Постановление это определило на долгие годы недемократическую прокурорскую и судебную практику в отношении несовершеннолетних. Содержание этого документа дает основание связать его с другими постановлениями, положившими начало политических репрессиям и массовым нарушениям прав человека в нашей стране.
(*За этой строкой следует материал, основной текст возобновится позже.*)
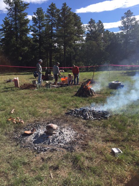 Firing pots at the scenic Tijeras, NM Ranger Station with fellow ceramic enthusiasts at the Kiln Conference.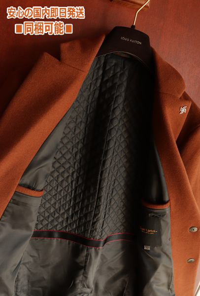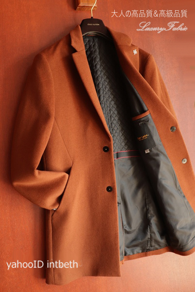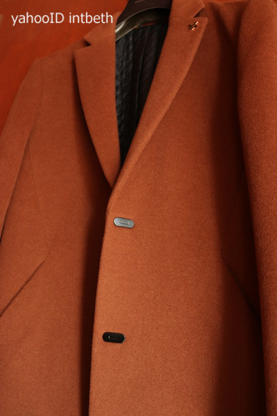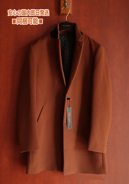 新品■G.LARINI茶52 ウール チェスターコート L メンズ アースカラー 2スナップ WOOL テーラード コート ミドル丈 美シルエット 細身

2. Правосудие в отношении несовершеннолетних – российский и зарубежный опыт

2.1 Ювенальная юстиция зарубежных стран в наши дни

Эффективность отправления правосудия в отношении несовершеннолетних в США в конце XIX – начале XX века во многом определялось фигурой судьи.

«Личность судьи, – отмечал известный судья по делам несовершеннолетних Бэрроу, – является элементом огромного значения для успеха всякого «детского» суда. Такой суд не может быть отправляем по автоматическим или механическим моделям… Стойкий гуманный человек, обладающий тактом, большим личным влиянием и знанием закона, знающий детей и могущий снискать их доверие, является тем человеком, который нужен для этого дела».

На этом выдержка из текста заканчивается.